A Careful Control Loop
Gym is dead; Gymnasium is the standard defines the contract an embodied experiment exposes to learning code: observations, actions, rewards, termination, truncation, rendering, and diagnostic info. Gymnasium handles the single-agent version of that contract, while PettingZoo extends the same discipline to multi-agent interaction.

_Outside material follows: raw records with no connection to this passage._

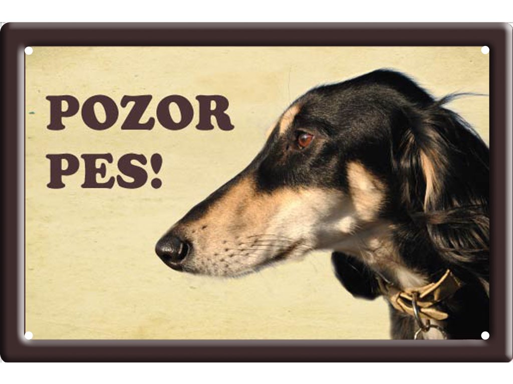 Plechová psí cedulka pro venkovní i vnitřní použití v rozměru 150x100mm, v rozích 4 díry pro uchycení, prolisovaný zdobný okraj tabulky, potištěný plech.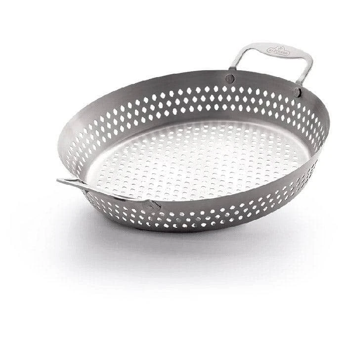 Perfect for grilling veggies, stir-fry or seafood – keeping it all contained without slipping through your grates. The holes throughout the wok allow smoke and flavor to permeate food. Use over a side burner or directly on your grill.
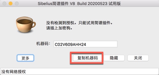 苹果电脑同样也在简谱插件软件的窗口上复制序列号: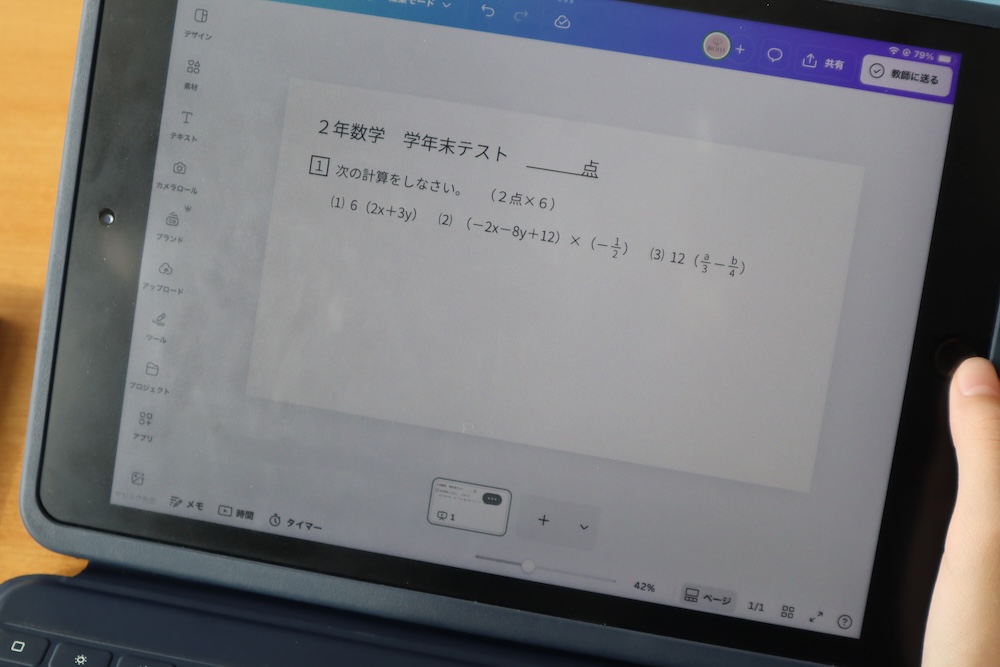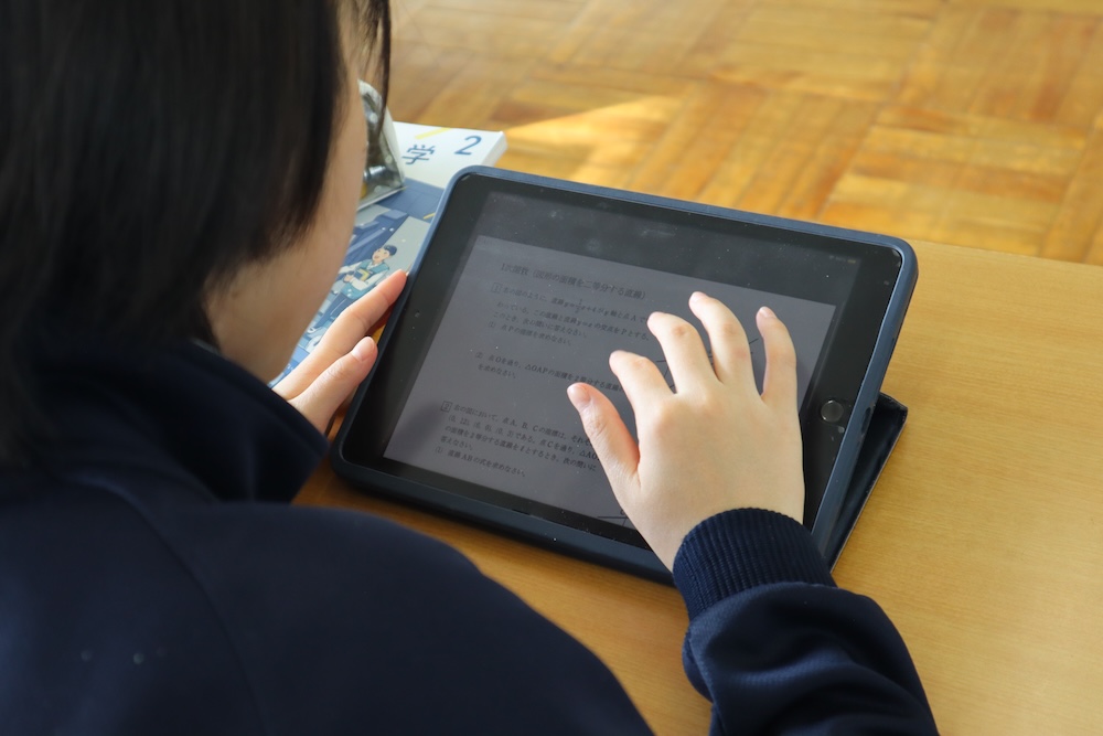 定期テストがない我が校だからこそ、2年生が「自分が作るなら…」と学年末テスト作成に挑戦。問題をひねり出しながら「あ、この公式、こういう意味だったのか!」と、理解が深まります。気分は数学科教師です。

This section turns the agent-environment interface into Gymnasium API compatibility, reset and step signatures, termination versus truncation, and wrapper behavior practice, preparing RL training, multi-agent experiments, and benchmark evaluation with one auditable environment contract.
What This Section Builds
The migration from legacy Gym to Gymnasium is operational, not cosmetic. The important change is the environment contract that every later RL script, simulator wrapper, benchmark, and debugging trace will assume.
The goal is a reproducible habit: call reset(seed=...), unpack step into five values, treat terminated and truncated as different signals, and save enough info to explain what happened.

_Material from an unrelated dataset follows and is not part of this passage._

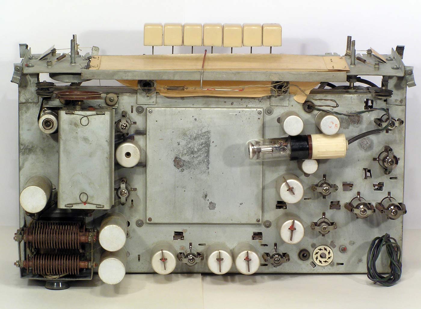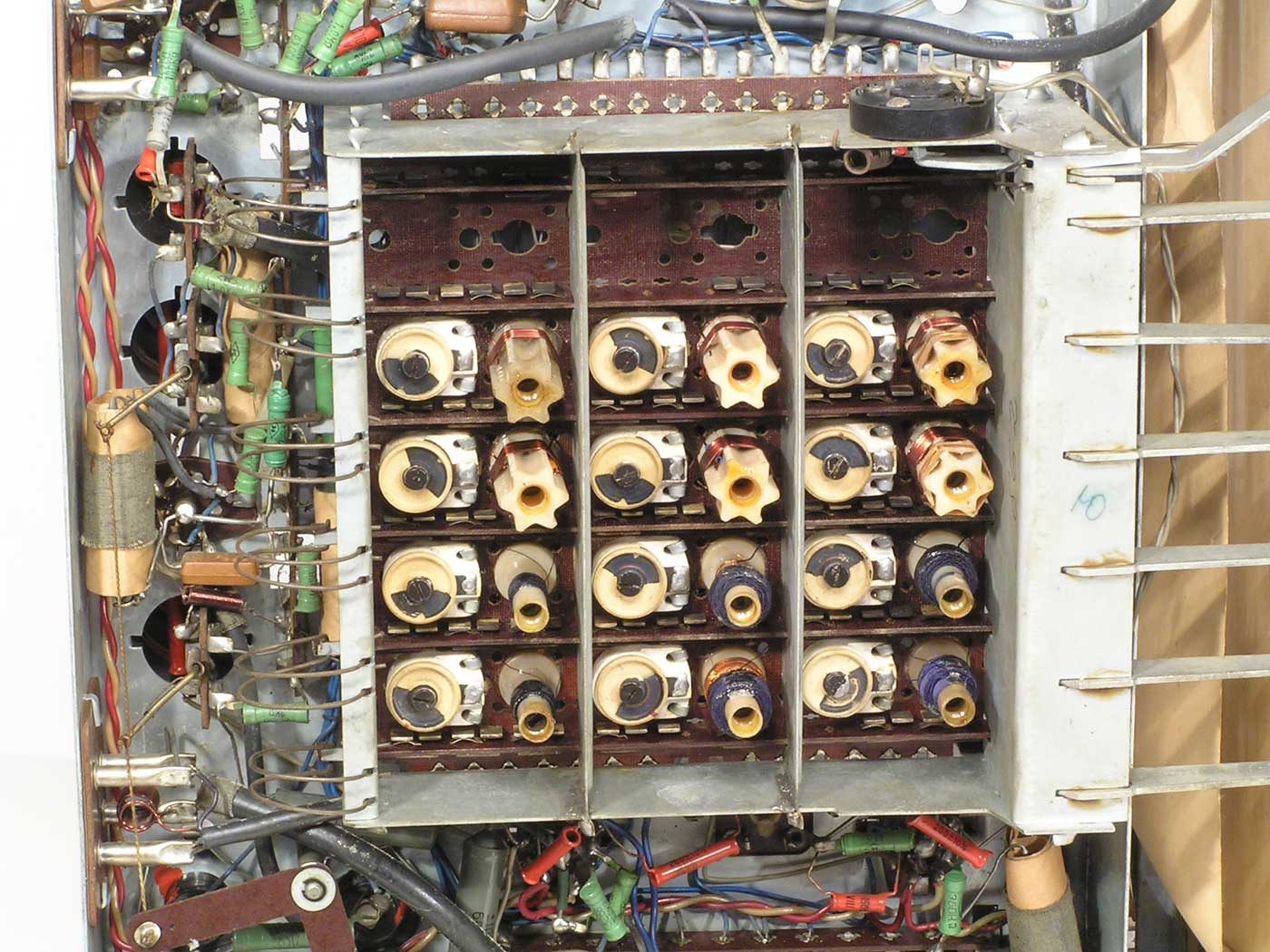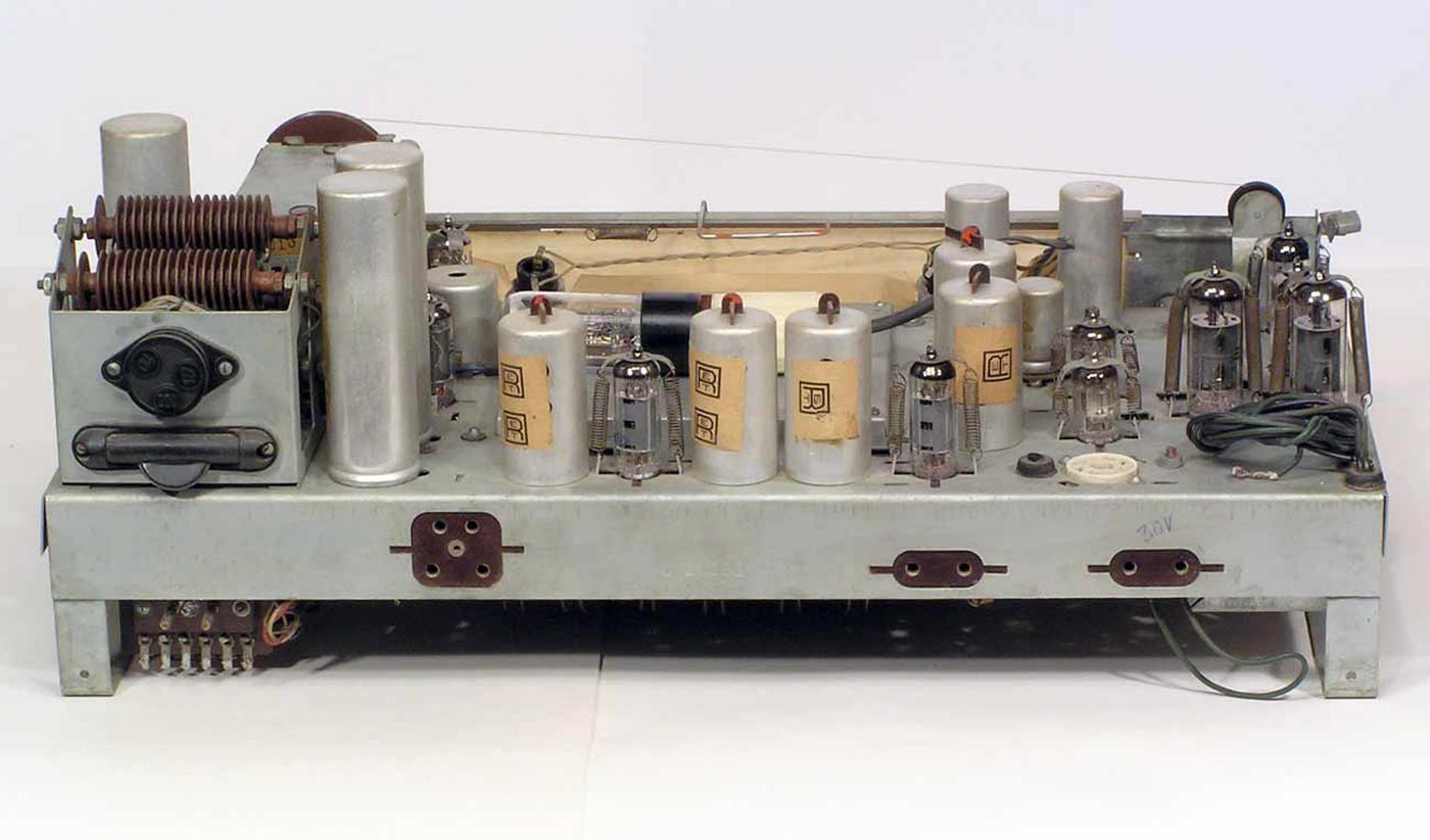 6Х2П, 6Ж3П, 6П1П, 6Е5С, 2 блока селеновых выпрямителей. Имеется АРУ, ограничение

This environment is ready when another reader can reset it with the same seed, inspect Gymnasium API compatibility, reset and step signatures, termination versus truncation, and wrapper behavior, reproduce the same rollout, and recover the same logged evidence.
Theory
Gymnasium keeps the familiar environment idea from Gym but modernizes the contract. A single-agent environment resets to (observation, info). Each step returns (observation, reward, terminated, truncated, info). The extra flag matters because a task can end because the robot achieved or failed the objective, or because an external limit stopped the episode before the task itself reached a terminal state.

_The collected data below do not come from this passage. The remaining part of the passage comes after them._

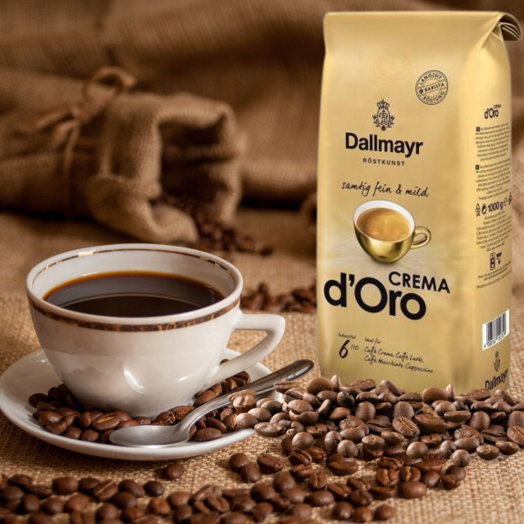 Dallmayr Crema D'oro. Szlachetne ziarna z gatunku arabika i robusta, które tworzą kawę Dallmayr Crema d’Oro, są starannie dobierane i ostrożnie palone. Dzięki temu uzyskujemy aksamitnie delikatną, jasną cremę i łagodny aromat.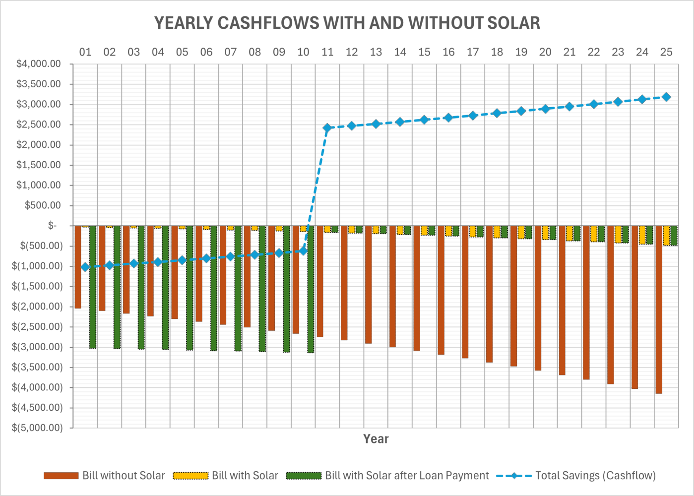 - Naturally, if additional incentives apply to your specific case, your savings and cash flow will improve, as well as your monthly or yearly repayment schedule. The project’s final total savings, net present savings, and IRR will consequently improve.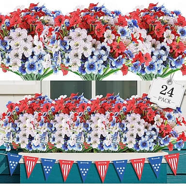 24 mazzi di fiori artificiali per esterni, decorazioni patriottiche, 250° anniversario, 4 luglio, giorno della memoria, giorno dell'indipendenza, fiori finti di plastica anti-sbiadimento per giardino,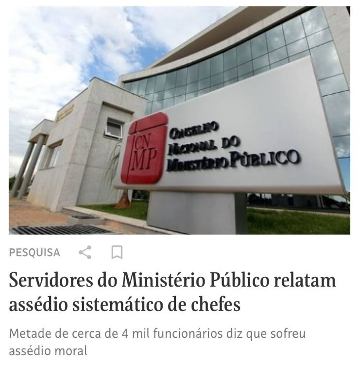 Repercutindo nacionalmente a realidade dos servidores do Ministérios Públicos estaduais, foi publicada reportagem na edição de sábado, dia 25, do jornal Folha de São Paulo em que metade dos trabalhadores ouvidos por uma pesquisa relatou ter sofrido assédio moral e/ou sexual no ambiente de trabalho.

For learning code, that distinction controls bootstrapping and evaluation. A policy update may treat a true terminal state differently from a time limit. For embodied systems, it also controls incident analysis: falling over, reaching the goal, running out of time, and hitting a safety boundary should not collapse into one vague done bit.
The migration rule is simple: old Gym examples that say obs = env.reset() and obs, reward, done, info = env.step(action) need to be rewritten before they become teaching material. Gymnasium exposes the reason an episode ended in the return signature, so the environment contract carries information that legacy loops often hid in info or lost entirely.
Worked Example
Code Fragment 10.1.1 below uses the current Gymnasium API on a small control task. The same unpacking pattern carries over to robot simulators, where info should hold diagnostic fields such as contact state, time limit source, or safety margin.
# Inspect the modern Gymnasium reset and step contract.
# The five step fields separate task endings from time-limit endings.
import gymnasium as gym
env = gym.make("CartPole-v1")
observation, info = env.reset(seed=7)
env.action_space.seed(7)
action = env.action_space.sample()
next_observation, reward, terminated, truncated, info = env.step(action)
print(type(observation).__name__, observation.shape, info)
print(action, float(reward), terminated, truncated)
env.close()
The expected output is a four-value observation vector, an empty initial info dictionary, and one sampled step with reward 1.0 while both ending flags remain false. Read that combination as evidence that the Gymnasium loop is returning the modern five-field contract and that this particular first step did not end the episode for either task or time-limit reasons.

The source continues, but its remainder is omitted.